INTRODUCTION: Cytology and histopatholgoy remain the “gold standards” for the diagnosis of lung cancer. However, from time to time occassional false positives result in unnecessary surgery, therapeutic interventions or patient anxiety. We describe a case of a pulmonary infarct mimicking bronchogenic carcinoma.
CASE PRESENTATION: A 44-year-old Caucasian female presented with cough, fever, and shortness of breath of one week duration. She was initially diagnosed with a viral upper respiratory tract infection in the emergency department and sent home. Evaluation of her chest radiograph revealed a 3.5cm lesion in the right middle lobe. Computerized tomography (CT) examination follow-up. Chest CT showed a thin-walled focal cystic lesion in the right middle lobe with an adjacent spiculated nodule and mediastinal lymph node enlargement. Her past medical history was unremarkable, and she denied any constitutional symptoms of weight loss, hemoptysis, or recent travel. She was a smoker of ½ pack per day for fifteen years. She was started on levofloxacin although no organisms were identified in the sputum culture. Fiberoptic bronchoscopy was performed for diagnosis. Cytological review of the bronchial brushing, transbronchial needle biopsy of the pre-carinal lymph node, bronchioalveolar lavage (BAL), and common trap were all positive for atypical cells suspicious for non-small cell carcinoma. External review of the specimens also agreed with the report. She underwent a mediastinoscopy.

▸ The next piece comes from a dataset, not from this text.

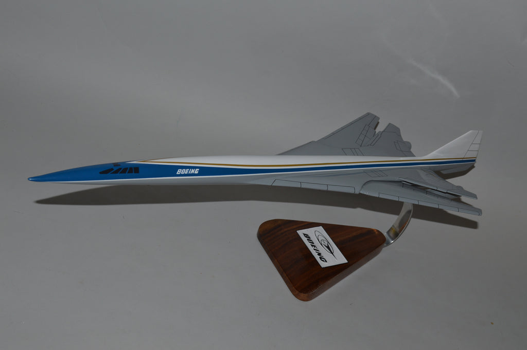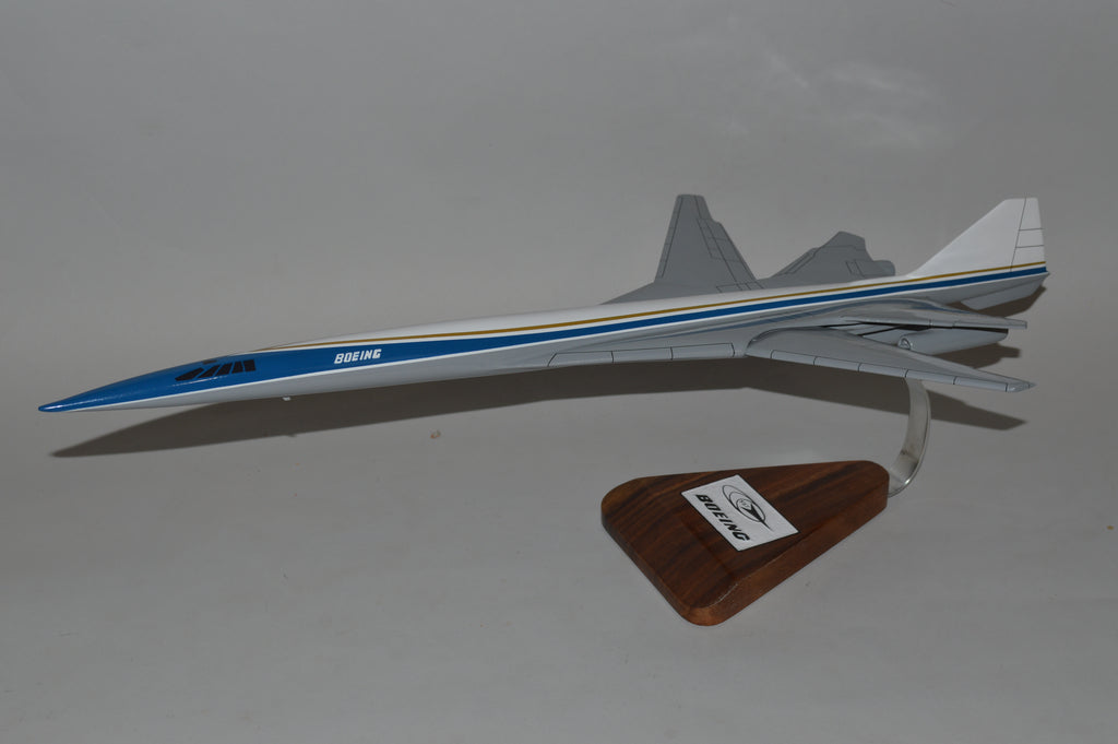 Boeing SST airplane model. The Boeing 2707 was the first American supersonic transport project. After winning a competition for a government-funded contract to build an American SST, Boeing began development at its facilities in Seattle, Washington. The design emerged as a large aircraft with seating for 250 to 300 passengers and cruise speeds of approximately Mach 3. It was intended to be much larger and faster than preceding SST designs such as Concorde.

Frozen section of the enlarged lymph node did not show evidence of malignancy, and she subsequently had a right middle lobectomy for surgical diagnosis and curative treatment. Pathology of the right middle lobe showed no malignancy, but rather a recent pulmonary infarct measuring 2.5cm in greatest dimension.

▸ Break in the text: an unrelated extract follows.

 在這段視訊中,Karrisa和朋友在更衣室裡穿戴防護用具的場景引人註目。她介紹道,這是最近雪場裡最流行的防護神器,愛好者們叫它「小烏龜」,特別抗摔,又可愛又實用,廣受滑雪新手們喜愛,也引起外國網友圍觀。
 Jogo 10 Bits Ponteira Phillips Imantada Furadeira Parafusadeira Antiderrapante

DISCUSSIONS: Pulmonary infarction has a variety of etiology such as pulmonary thromboembolism, vasculitis, infections, sickle cell, etc. Pulmonary infarction usually appears as a peripheral wedge-shaped parenchymal opacity on chest radiographs. There have been reported cases of pulmonary infarct misdiagnosed as lung carcincoma on cytology (1-2). Bewtra and colleagues (1) investigated the incidence of atypical cells in sputum cytology in patients with radiologically proven pulmonary emboli in a prospective, double-blinded, randomized study. The study showed 44% had atypical cells during the second and third weeks of illness. Abnormal cytologic features consisted of clusters of glandular cells with enlarged nuclei and macronucleoli. These abnormal cells were differentiated from malignant cells by their smaller number, transient appearance, and lack of solitary atypical cells. Tissue histology showed reactive reparative peripheral bronchioloalveolar cells appearing as atypical. Similar atypical cells can be seen around scars, interstitial fibrosis, organizing pneumonia, bronchiectatic cavities, and following radiation and chemotherapy. Detailed clinical information regarding presence of absences of these conditions need to be provided to the cytologist to avoid such false positive diagnosis.

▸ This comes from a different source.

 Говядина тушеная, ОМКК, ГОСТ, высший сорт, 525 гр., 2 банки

CONCLUSION: The differential diagnosis when confronted with a lung mass include a wide spectrum of disease processes. It is important to consider pulmonary infarct as part of the differential diagnosis of lung malignancy. Even when cytology indicates malignancy, clinical correlation is important. False-positive cytology does exist and pulmonary infarct has been misdiagnosed. Our case demonstrates how difficult assessing a lung mass can be.
DISCLOSURE: Richard Le, None.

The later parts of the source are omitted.